Lopez-led First Gen Corporation reported a decline in net income and revenue for the first nine months of the year, attributing the drop to lower electricity sales and reduced geothermal revenue.
In a report by the Manila Bulletin, First Gen revealed that its attributable recurring net income fell by 17 percent to P11.6 billion from P13.8 billion in the same period last year. Revenue also saw a two percent dip, reaching P104.6 billion.
The company’s geothermal arm, Energy Development Corporation (EDC), posted a revenue decrease and a rise in cash operating expenses.
First Gen’s natural gas operations, however, recorded increased profits, and the Casecnan Hydroelectric Power Plant, which was acquired in February.
Casecnan generated approximately P651 million in net income in its first seven months of operations, partially offsetting the lower earnings from the 132 MW Pantabangan-Masiway power plants (PMHC), whose income fell from P305 million to P161 million due to lower water levels and decreased market prices.
First Gen’s 420 MW San Gabriel Power Plant and the 1,000 MW Santa Rita Power Plant reported improved operating income, driven by savings in operating expenses and high spot market prices for San Gabriel.
Overall, First Gen’s natural gas portfolio, including revenue from its LNG terminal’s pre-commercial operations, accounted for 65 percent of consolidated revenue, while EDC’s geothermal, wind, and solar plants contributed 33 percent, and the hydro business provided the remaining portion.

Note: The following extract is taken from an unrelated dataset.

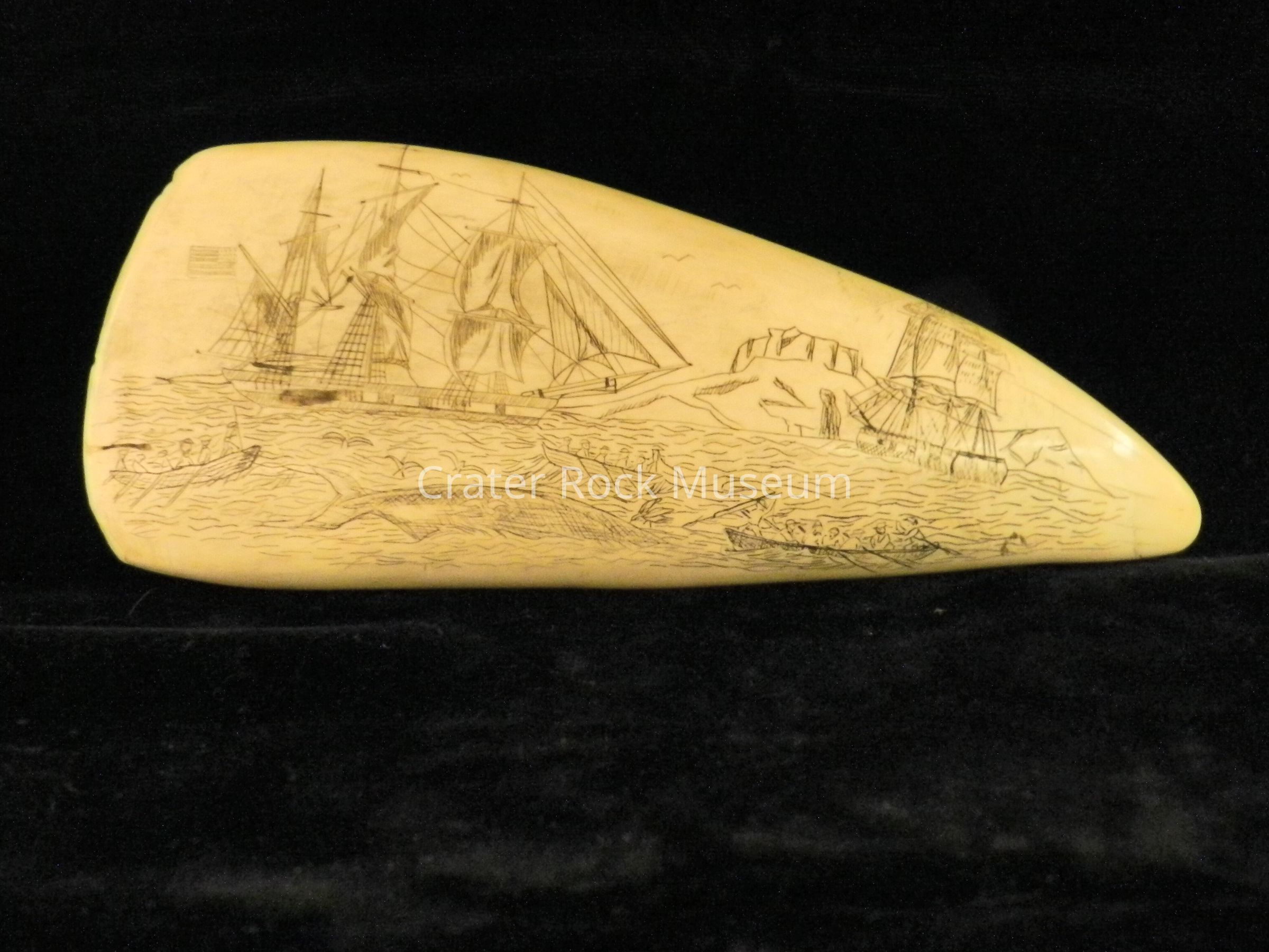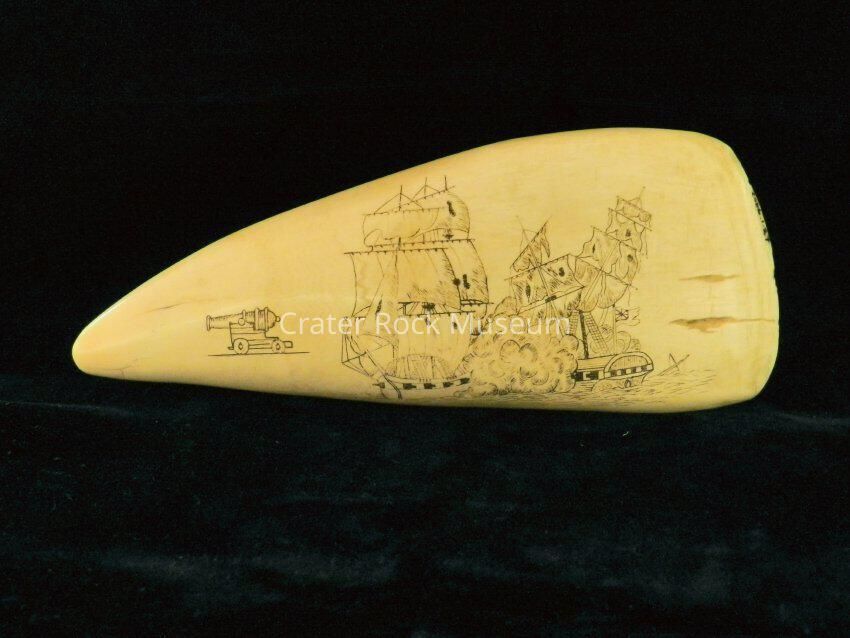 Description: Large sperm whale tooth, with etchings on two sides. One side shows two three-masted schooners, with three small whaling boats and one whale in the foreground (land in background). The opposite side shows two ships engaged in cannon fire, with an etching of a single cannon on wheels one one end.

EDC’s recurring earnings dropped by 43 percent to P3.3 billion compared to P5.7 billion last year, affected by lower electricity sales, higher operating costs for steamfield maintenance, and increased interest expenses due to new debt.
Meanwhile, the 97 MW Avion Power Plant saw a decline in net income, linked to lower kilowatt-hour sales and rising operating costs.
Hydro operations achieved recurring earnings of P800 million for the first three quarters, while the Casecnan hydro plant helped balance losses in other areas.